Pokazywanie postów oznaczonych etykietą Barcelona. Pokaż wszystkie posty
Pokazywanie postów oznaczonych etykietą Barcelona. Pokaż wszystkie posty

27 kwietnia 2012

Carlos Ruiz Zafon, Więzień nieba.

Nowa powieść Zafóna niektórych zachwyci, inni będą czuć niedosyt po przeczytaniu książki, a jeszcze inni będą twierdzić, że i tak najlepszą książką tego Autora jest Cień wiatru. Więzień nieba to trzecia kontynuacja opowieści Daniela, która przenosi nas w rok 1957. Daniel Sempere jest mężem Bei i ojcem Juliana. Wraz z ojcem pracuje w księgarni Sempere i Synowie, której obrót finansowy nie jest najlepszy. Przyjaciel Daniela, Fermín Romero de Torres, który już niedługo ma opuścić stan kawalerski. Tuz przed Bożym Narodzeniem księgarnie odwiedza tajemniczy i kaleki osobnik, który pozostawia Danielowi książkowy prezent dla Fermina. Daniel zaintrygowany odnalezionym w niej wpisem postanawia śledzić nieznajomego. Śledztwo właściwie do niczego nie prowadzi, a Fermin na początku niechętnie odpowiada na zadawane pytanie. Wkrótce jednak decyduje się powierzyć Danielowi swoją przeszłość pełną cieni, smutku, przemocy, cierpienia i mrocznych zagadek. Oszołomiony bohater będzie musiał zmierzyć się z tym, co dotąd było niewiadome.

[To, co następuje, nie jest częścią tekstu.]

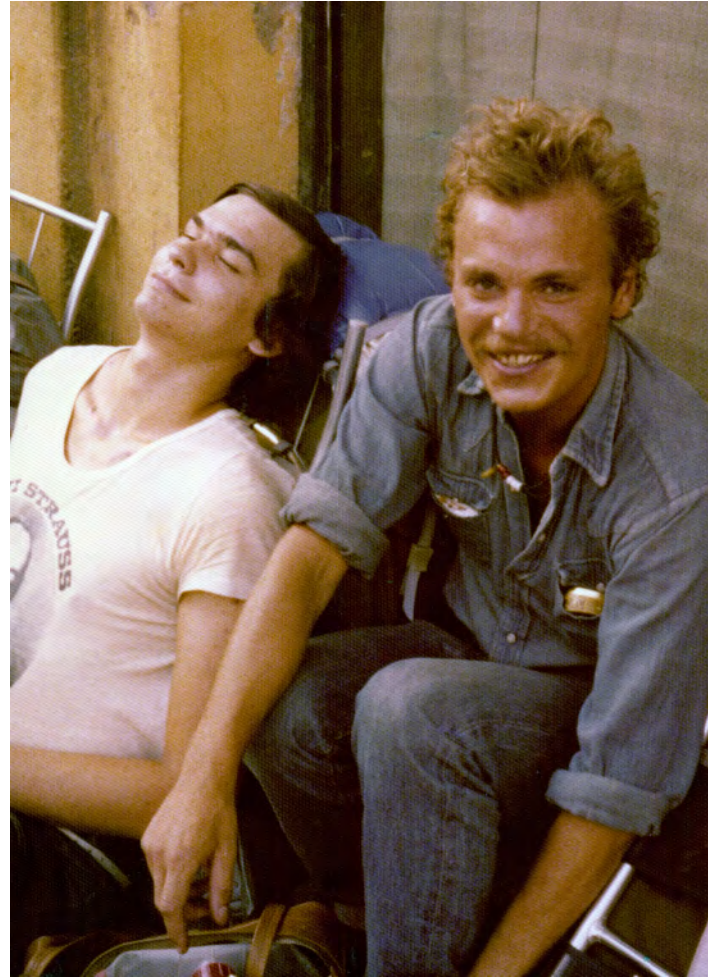
Hemresa med flyg från Wien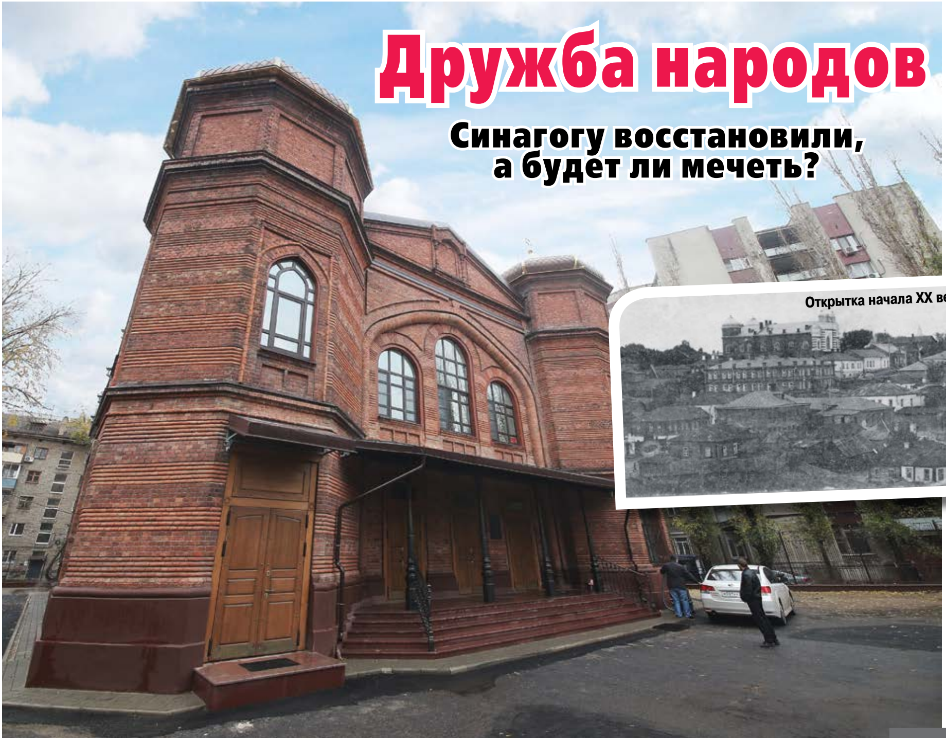
Открытка начала XX века

Синагогу восстановили, а будет ли мечеть?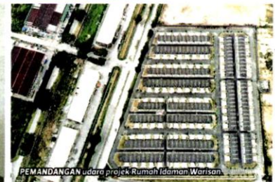
PEMANDANGAN udara projek Rumah Idaman Warisan.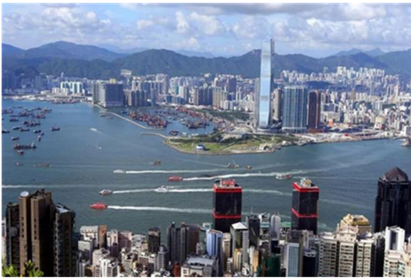
資料圖：香港上環港澳碼頭。新華社記者 李鵬 攝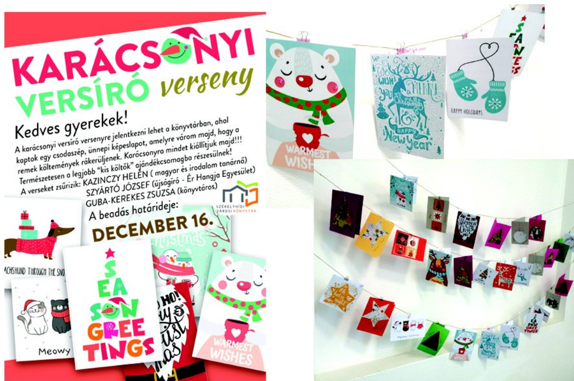
Figura 4. – Afișul (stânga) și poze la expoziție, din lucrarea participanților (dreapta), (2022)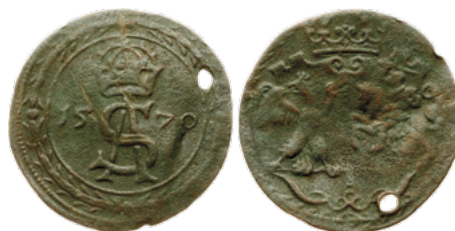
Падскарбуўка Жыгімонта II Аўгуста, 1570 г.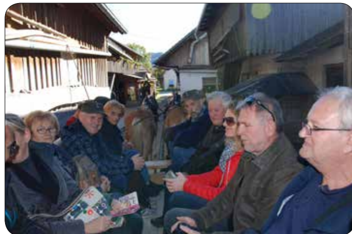
Pred vzletom »lojtrnika« ob Cerknškem jezeru.

Lanskega oktobra smo izvedli izlet na Notranjsko. V Ljubljani in si ogledali zbirko Muzeja VSO, nadaljevali z ogledom Tehničnega muzeja Slovenije v Bistri, obiskali pomnik tragično umrlima teritorialcema na Cesarskem vrhu nad Vrhniko, spominsko obeležje TO v Logatcu, Muzej Cerknškega jezera in zaključili s »panoramsko« vožnjo z lojtrnikom.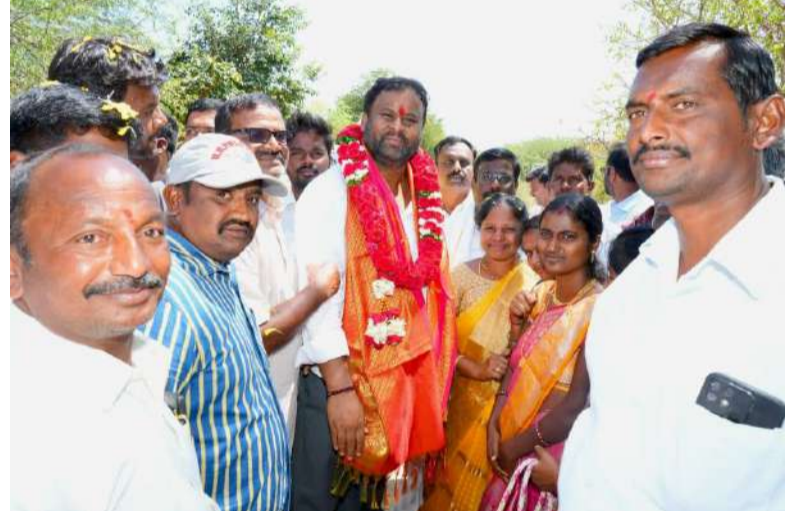
అన్నదానం గొప్ప పుణ్య కార్యం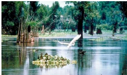
Escena de la Cuenca de Atchafalaya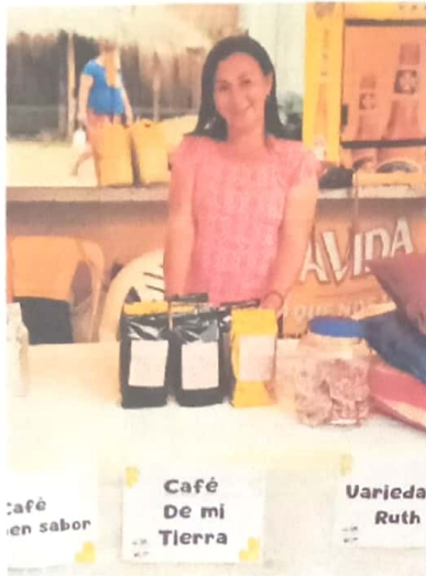
Café en sabor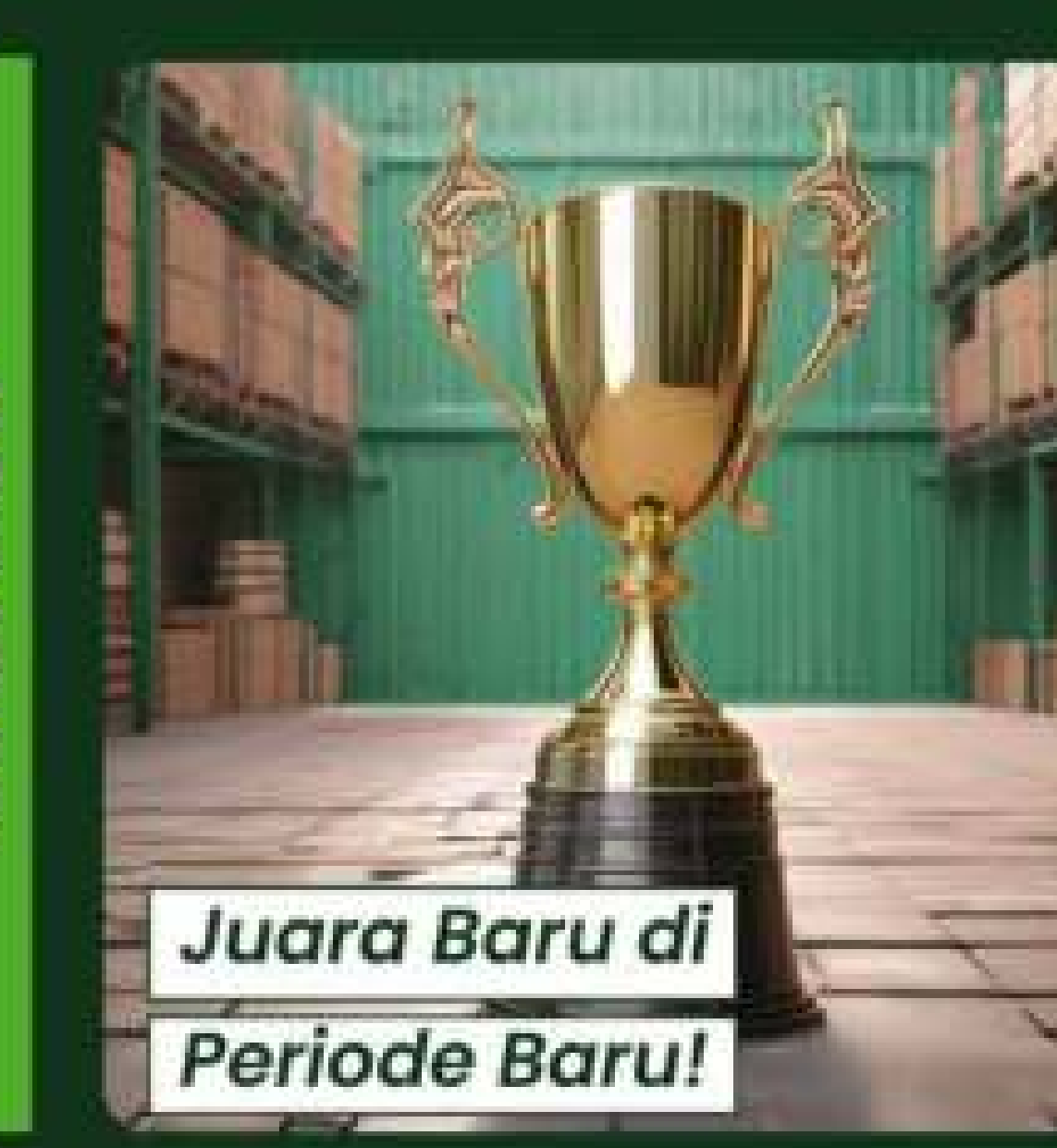
Juara Baru di Periode Baru!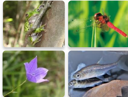
神戸に生きる多様な生きもの

動植物から細菌などの微生物にいたるまで、多様な生きものが生息・生育していることで、私たちの生活が成り立っています。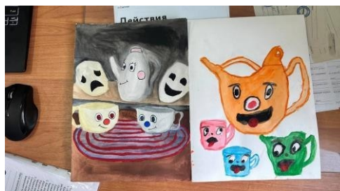
Рисунок 7 - пример рисунков детей 7 класса по теме «Единство функционального и эстетического в дизайне. Вещь как художественно-материальный образ времени»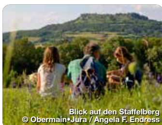
Blick auf den Staffelberg

Pretzfelder Straße 15, 90425 Nürnberg, Tel.: 0911 941510, info@frankentourismus.de, www.frankentourismus.de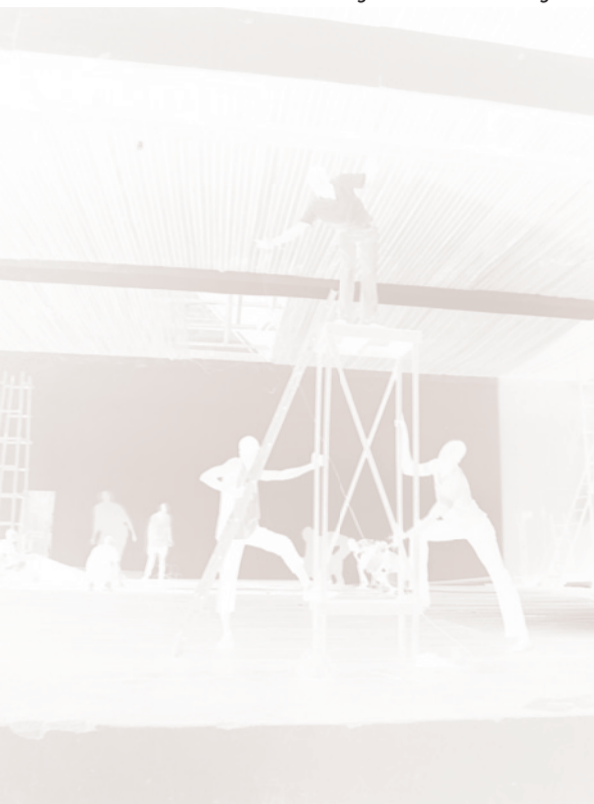
Aménagement de la salle Ngoma.

tant d'autres des guerres récentes, le toit de l'Espace NGoma est percé par l'impact d'une roquette.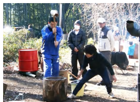
STG イベントの餅つき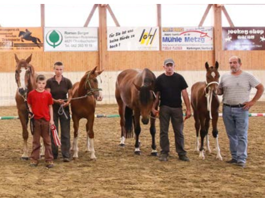
Schauplatz Härkingen, die Ränge 1 bis 4 von rechts nach links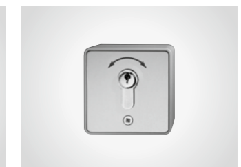
Schlüsseltaster KT 8 AP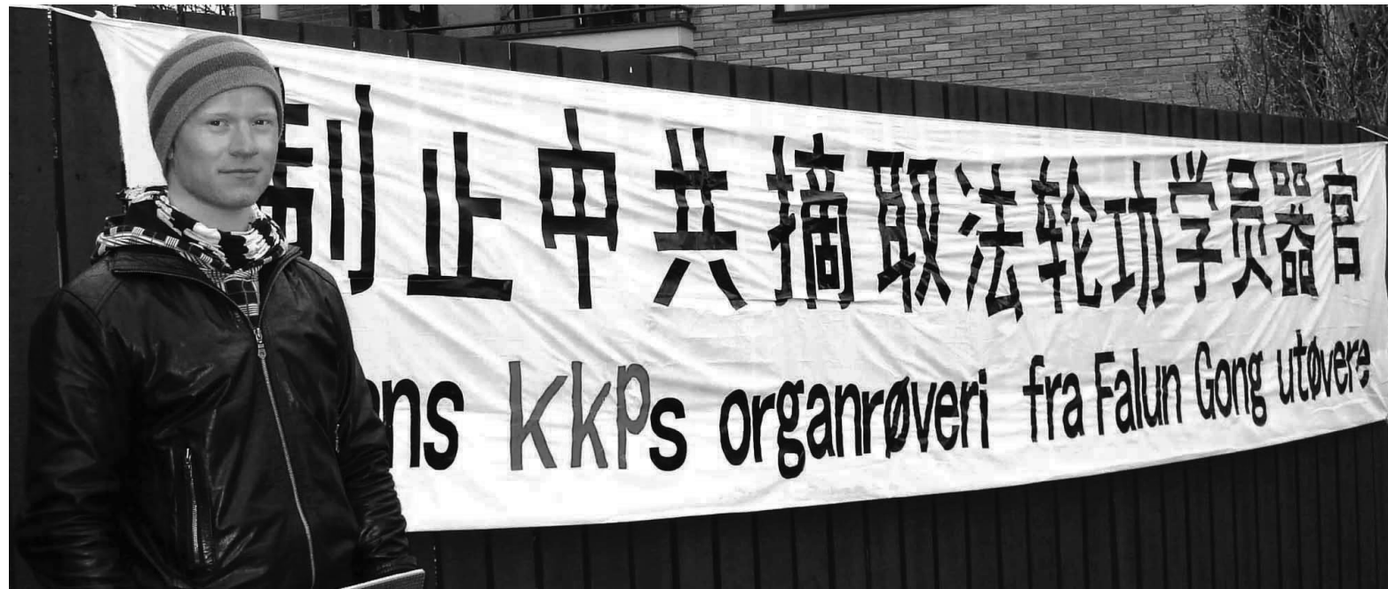
煉法輪大法一個半月後的戊樂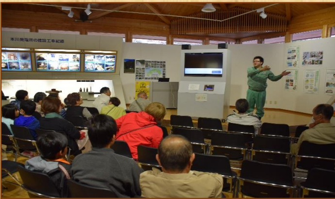
見学前に発電所の仕組みについて説明うける

三地区合同の春レクは4月5日(木)・家族含め25名が参加、高知県の本川水力発電所を見学、現地は桜が丁度満開で二度目の花見となりました。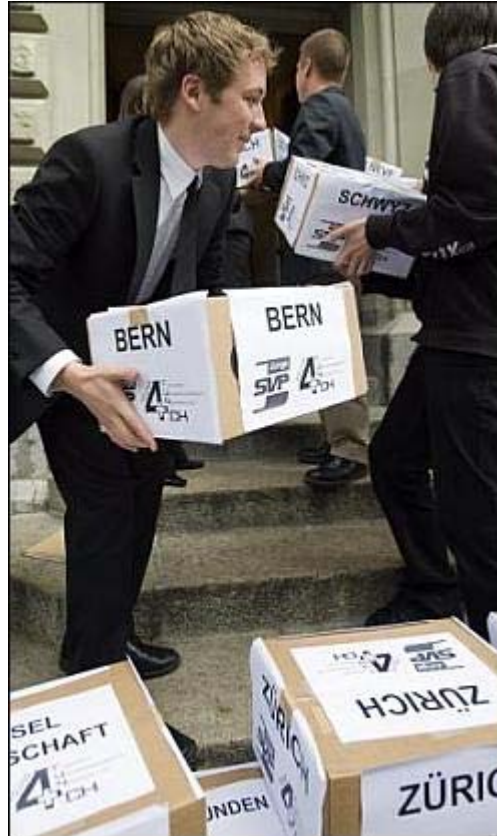
Sorgen für Ungemach: Der junge SVP-Nationalrat Lukas Reimann übergibt gestern die Unterschriften der Bundeskanzlei.

Obwohl die Parteileitung und einige SVP-Parlamentarier über das Referendum der wilden Jungpartei nicht erfreut sind, erhalten sie Lob von den gestandenen Parteikollegen: «Ich bin stolz auf unsere Jungen», sagt Giezendanner. Sie hätten mit dem Referendum eine gute Leistung gezeigt. Und auch Jenny muss zugeben: «Das Referendum ist ein Erfolg der Jungen SVP. Das muss ich anerkennen.»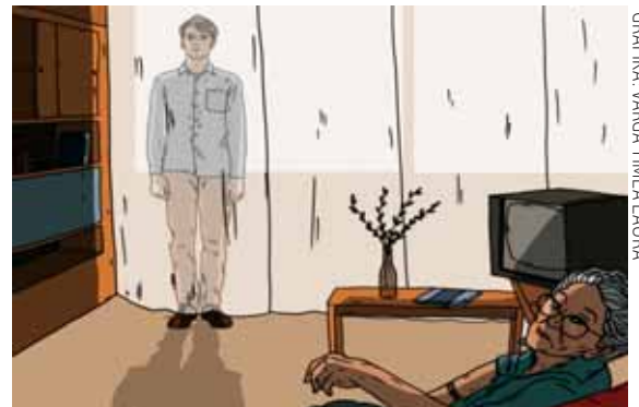
GRAFIKA: VARGA TIMEA LAURA

Egy ittas vezetés miatt körözött férfit kerestek a kerületi rendőrök. A férfit a szülei XV. kerületi címén meg is találták, és aztán átadták a büntetés-végrehajtási intézetnek.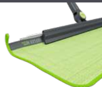
MOPP M. HÖGT YTTRYCK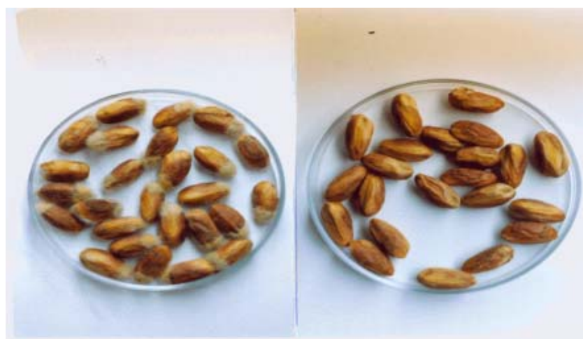
شکل ۱ - مقایسه میزان رشد قارچ A. flavus روی مغز پوسته سالم (سمت راست) و زخمی (سمت چپ) رقم اکبری (۲/۵ روز بعد از مایه زنی)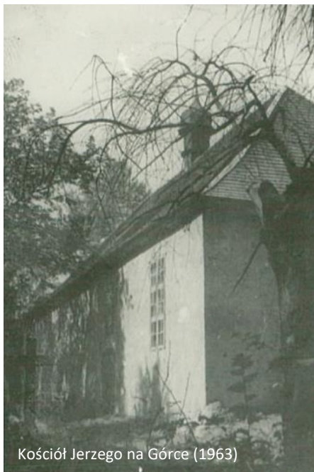
Kościół Jerzego na Górcze (1963)

Wykorzystał to Kościół Metodystyczny, posyłając swoich pastorów na Pomorze. Przekonywali oni autochtonów, że ich Kościół jest bliższy Kościołowi Unijnemu od Kościoła ewangelicko-augsburskiego, który zawsze podkreślał swój wybitnie luteranski charakter. W swej pracy na Pomorzu metodyści upodobnili się do zwyczajów nabożeństwa ewangelickiego, na przykład w obchodzie Komunii Świętej, czy przyrzeczeniu konfirmacyjnym, posługiwali się także katechizmami Marcina Lutera, a duchowni używali ewangelickich strojów liturgicznych. Pomimo intensywnej działalności,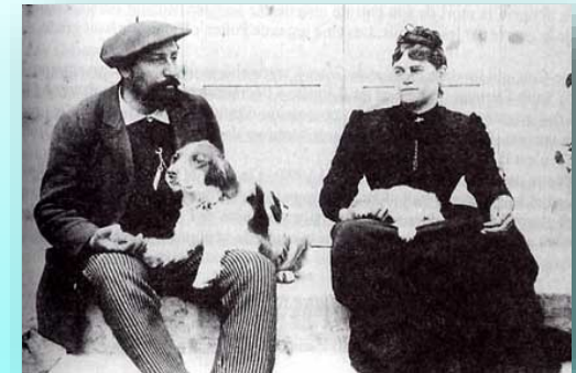
Луї Буссенар з дружиною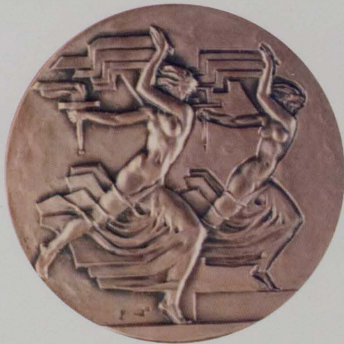
Medalla de la Victoria. E. Giner.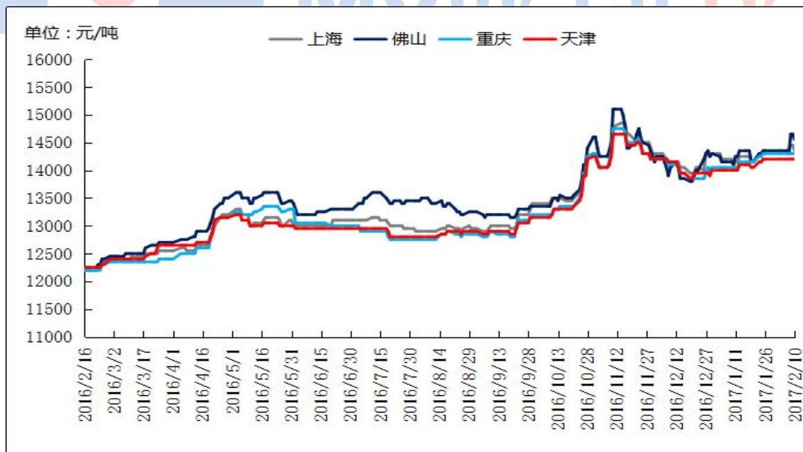
图三 全国主流地区ADC12铝合金锭价格走势 规格：国标

具体价格方面，截止目前佛山地区再生系合金ADC12主流现金成交价为14400-14700元/吨区间，均价14550元/吨。上海地区ADC12主流现金成交区间为14200-14500元/吨，均价14350元/吨，环保型产品含账期（一般30天以上）成交价多在14500元/吨左右，而中小企业现款成交价仍多在14150-14350元/吨区间（多为外地货源）。华北地区ADC12交易价格区间维持在14000-14300元/吨。西南地区成交价则在14100-14400元/吨区间，市场竞争激烈，冶炼厂报价较为混乱，小型加工厂出货意愿强，报价较低，大型加工厂报价较高。

Ponownie wędrujemy ulicami Barcelony i poznajemy historię tego miasta. Historia dotycząca więzienia na wzgórzu Montjuic jest pełna goryczy i niebezpieczeństwa. Czytelnik powraca do losów Isabelli Sempere i Davida Martina. W ten sposób czytelnik ma świadomość, że rzeczywiście czyta cykl, bo wszystkie trzy powieści: Cień wiatru, Gra anioła i Więzień nieba, łączą się. Mniej jest jednak o cmentarzu Zapomnianych Książek.

Książka inteligentnie napisana i charakterystycznym dla Zafóna stylem, może wciągnąć czytelnika. Podobał mi się zwłaszcza humor i ironia Fermina. Zafón nie odkrywa jednak w powieści kart do końca. Pozostawia otwartą furtkę na kontynuacje w kolejnej pozycji, przez co czytelnik może czuć się zawiedziony, niemal oszukany. Stosując niedopowiedzenia, trzyma czytelnika w oczekiwaniu. Podkreśla, że prawdziwa Historia jeszcze się nie skończyła. Dopiero się zaczęła. Przeczytałam, ale porwana tajemnicami nie zostałam. Umocniłam się tylko w przekonaniu, że do fanów Zafóna należeć jednak nie będę. Rzecz gustu.


Carlos Ruiz Zafon, Więzień nieba, wydawnictwo Muza, premiera 16 kwietnia 2012, oprawa miękka, stron 416.